Turning African Youth on to Technology

 

 

An African NGO believes the Internet is the single biggest key to rapid development in Africa – and it is working to connect youth, women and rural populations to the web, and in turn, switch them on to the vast resources stored across the world’s Internet sites.

After initial successes with a youth project and with farmers, Voices of Africa (VOA) (http://www.voicesofafrica.info) is now seeking to scale up its work to fan out across Africa – and takes its services to the world’s largest refugee camp, the Dadaab Refugee Camp in Kenya. 

The youth and technology empowerment NGO has developed a business model to deliver low-cost Internet access and e-resources to Africa’s slums and rural farmers.

VOA argues that “the digital divide, defined by a lack of access to information for a specific population, symbolizes the largest difference between developed and developing countries: the opportunity to obtain and utilize information.”

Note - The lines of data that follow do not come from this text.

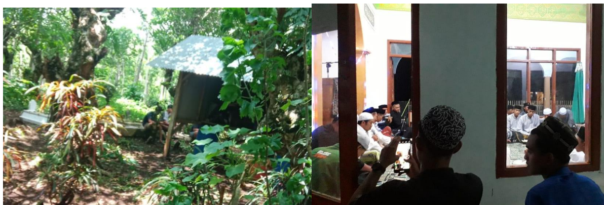
Picture 3. Documentation of Tolerance and Respect for Cultural Diversity Aspects of KKN Activities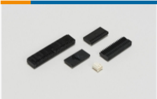
Wire-to-Board Connector Assemblies & Housings(71)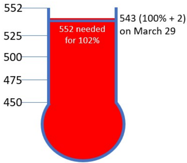
100% achieved on March 14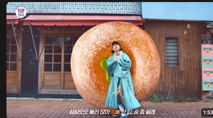
베스킨라빈스 X 넉살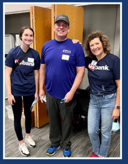
Volunteers from US Bank during the Karlins move.

Volunteers from US Bank helped us make the move to OP-Karlins Center's new location last summer. They moved furniture, set up classrooms and made sure everything was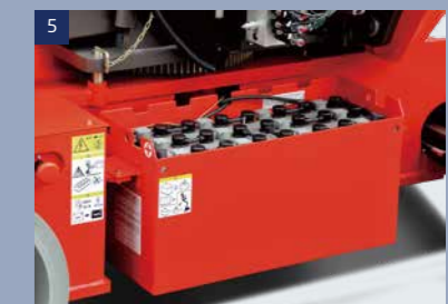
Standard tracking battery: Reduce 40% of the charge time, raise 50% of the life time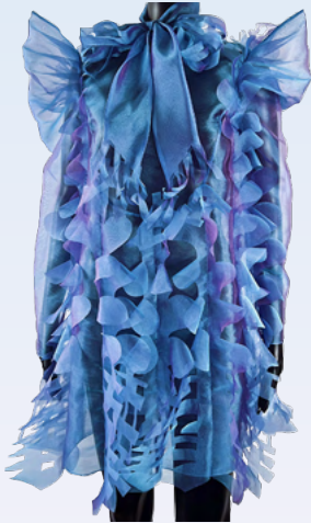
CLAVIS COCKTAIL DRESS Azure organza

“The digital divide runs much deeper than hardware and software,” it says. “While equipment is necessary it is not sufficient. The real heart of the digital divide is that those without access to information resources often suffer needlessly while the solutions to their problems are floating in the air.”

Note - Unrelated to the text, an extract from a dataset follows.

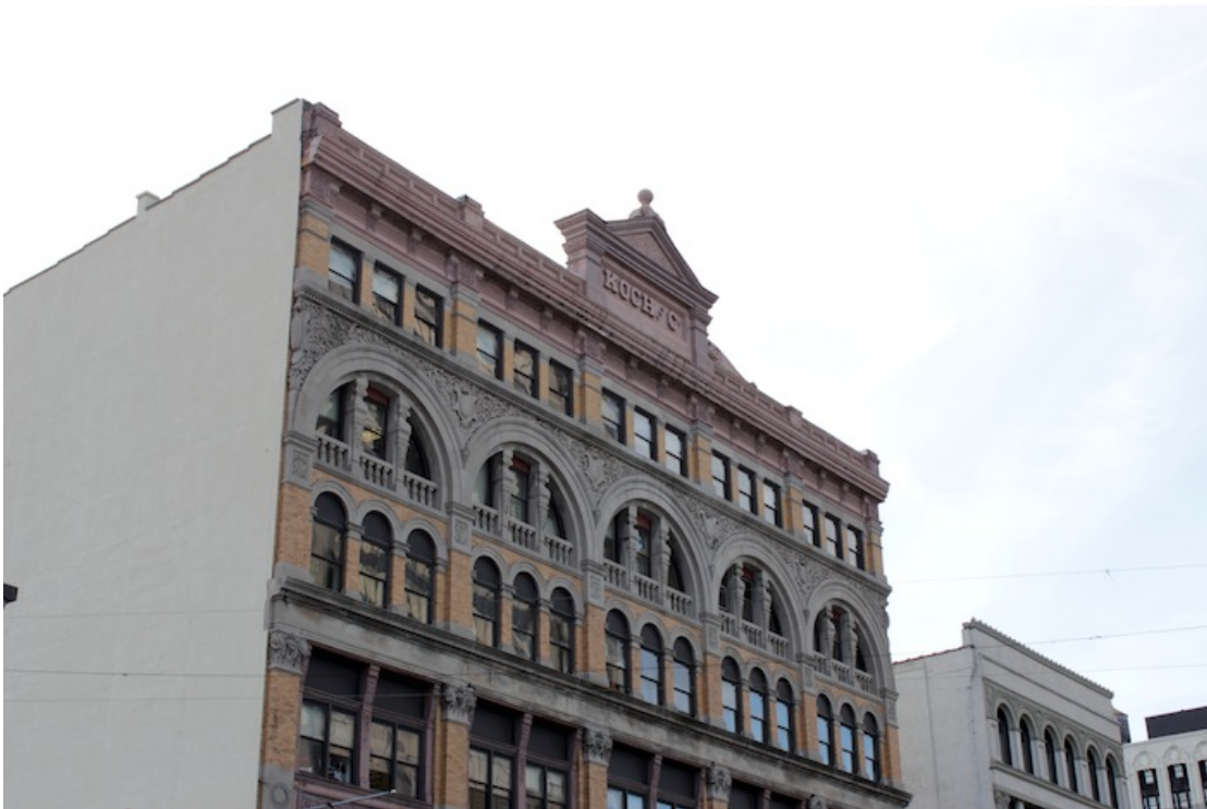
Fig. 20 – The Koch & Co. Department Store building, now an office block.

But why is the Internet so important?

“The internet puts the choice of content at the fingertips of the user,” explains executive director Crystal Kigoni. “Traditional media is one way communications. Internet is bi-directional.

“Our NGO is completely grassroots. We train the people who train the people. It is an each one, teach one philosophy and is highly effective. We also design our projects to be self-sustainable after one year of successful implementation.”

The philosophy behind Voices of Africa – “Sustainable Development through Information Empowerment” – is to give people the information and resources to take better control of their lives.

Access to the Internet in Africa is patchy and, for the poor, an expensive resource. The penetration of mobile phones in Africa has been spectacular in the past five years. But there are limits to the resources people can afford to access with their phones. Issues abound about data costs, mobile phone networks, and mobile phone capability.

VOA targets youth and women in sub-Saharan Africa through online educational resources offered on their e-learning website (http://elearning.voicesofafrica.info/). The resources have been certified by Nazarene University (http://www.anu.ac.ke), a private university in Nairobi, Kenya.

The e-learning resources include high quality training videos, presentations and screencasts (http://en.wikipedia.org/wiki/Screencast) – like a movie, it is a digital recording of changes on a computer screen and is used to teach software – to share on the web. The resources are also shared through compact discs (CDs) and iPods (http://en.wikipedia.org/wiki/IPod).

Project coordinator Nick Kungu coordinates the staff working on the pilot Kenyan projects: a Rural Internet Kiosk; a Youth Empowerment Center; and KiberaNet, which launched in August 2011. VOA uses a part-time and volunteer staff of more than 20 Kenyans and four international ‘virtual’ volunteers.

The group is also working with farmers in Kutus, central Kenya, to help them get a better price for their products and introduce sustainable agriculture practices. This is done through online courses so the farmers do not need to travel. It is hoped by doing this they can improve the supply of food for the country.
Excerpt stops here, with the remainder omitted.